Em novembro de 2024, a FGV anunciou que, a partir de março deste ano, ocorrerá um ajuste nos valores de pagamentos. De acordo com a fundação, a redução gradativa está prevista no edital de chamamento público do programa e visa evitar a interrupção abrupta do recebimento do benefício, permitindo a adaptação das famílias ao fim do PTR.
Para Melissa Gomes, a situação do comércio, que já é difícil, tende a piorar com a diminuição das parcelas e, posteriormente, com a extinção do programa.
“Entre os comerciantes, estamos dizendo que, quando o auxílio acabar, Brumadinho vai virar uma cidade fantasma, porque as pessoas não terão como se sustentar”, lamenta.
A empresária salienta que o problema não está relacionado apenas à questão financeira. Segundo ela, o psicológico de boa parte da população está abalado, as pessoas estão dependentes de remédios e não têm condições de trabalhar. Melissa Gomes enfatiza que há todo um trabalho de cuidado com os moradores a ser feito, mas que a mineradora não o fez.
“Infelizmente, a Vale não ajudou Brumadinho o tanto que a cidade precisava.
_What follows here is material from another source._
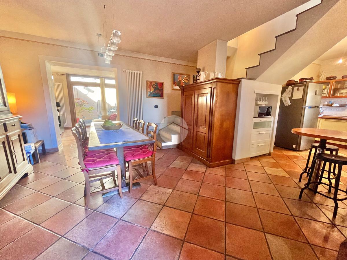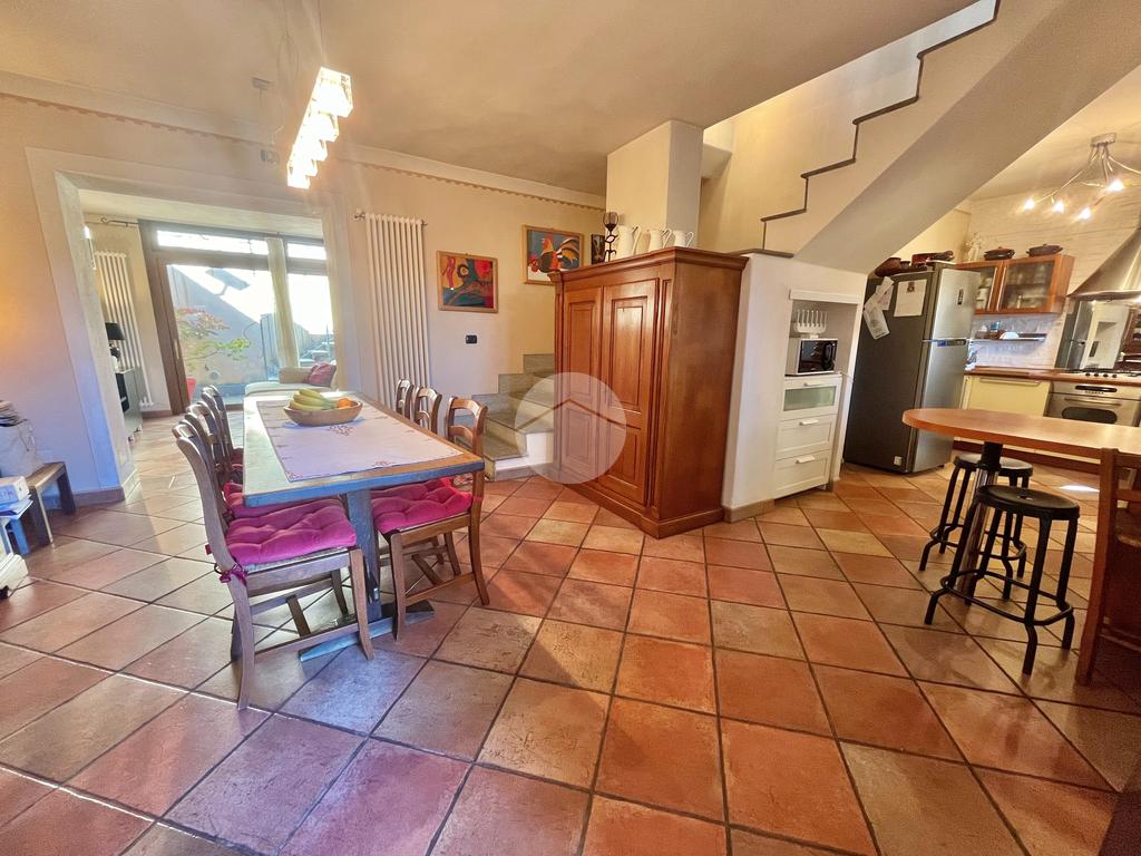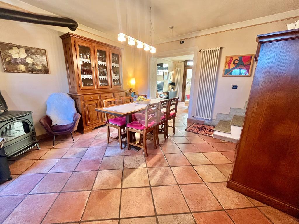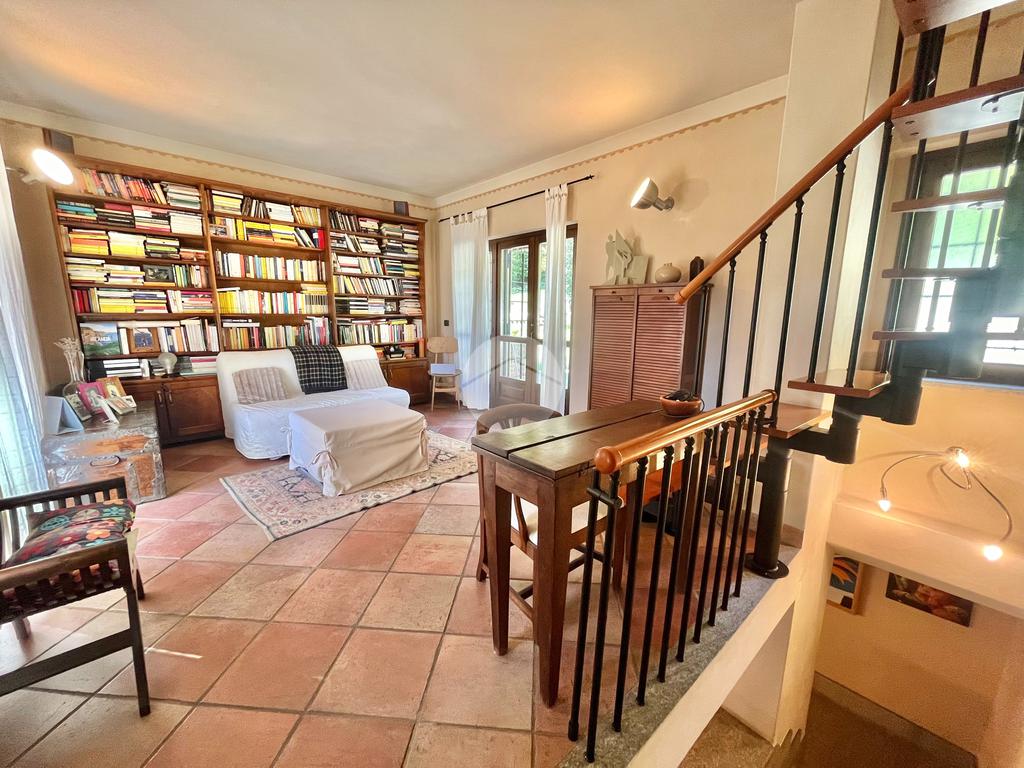 Al piano terreno, l'ingresso accogliente vi conduce alla sala da pranzo, alla cucina arricchita di una dispensa e al soggiorno caratterizzato da vetrate scorrevoli, tutti elegantemente collegati al giardino privato frontale e al terrazzo. Il piano è completato da un ampio servizio con doccia su misura in muratura, illuminato da un suggestivo vetro a soffitto, e dalla lavanderia.
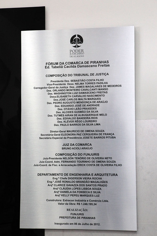 O presidente do Tribunal de Justiça de Alagoas (TJ/AL), desembargador Sebastião Costa Filho, inaugurou na manhã desta sexta-feira (06), o novo fórum da comarca de Piranhas, reafirmando o compromisso do Poder Judiciário de elevar a qualidade da prestação de serviços jurisdicional. O novo fórum irá beneficiar os 25.000 habitantes do município e também moradores de Olho D'Água do Casado, Sertão de Alagoas.

O comércio está enfraquecido e desesperançoso, porque o dinheiro não gira mais, as pessoas não estão bem financeiramente e nem psicologicamente”, afirma a proprietária da Casa do Fiat.

Vale reitera iniciativas à saúde emocional dos atingidos
Procurada, a mineradora diz, em nota, que os esforços voltados à saúde emocional foram estendidos a todos os moradores de Brumadinho após o rompimento da barragem. A empresa ressalta que, em 2019, assinou um acordo de cooperação com a prefeitura para repasses destinados à ampliação da assistência de saúde e psicossocial no município.
A Vale também destaca que implantou o programa Ciclo Saúde, que fortaleceu a Rede de Atenção Básica em Brumadinho e em outras cidades afetadas. Conforme a companhia, mais de 2.500 profissionais da área de saúde foram capacitados e mais de 5.000 equipamentos foram entregues para 143 Unidades Básicas de Saúde (UBS) desses municípios.
Segundo a empresa, para os familiares das vítimas, em especial, a questão psicossocial foi contemplada com o Programa de Referência da Família, no qual foram realizados 111 mil atendimentos a 3,5 mil pessoas, sendo 75 mil atendimentos a 600 famílias em Brumadinho. A empresa ressalta que o programa focou no acompanhamento integral e cuidado ativo.
“No âmbito do Acordo Judicial de Reparação Integral, também há projetos com foco no fortalecimento dos serviços de saúde que vão desde aquisição de equipamentos médico/hospitalares, custeio de serviços até reformas/construção de unidades de saúde”, reitera a mineradora.
A Prefeitura de Brumadinho foi procurada, mas não atendeu aos pedidos de entrevista da reportagem.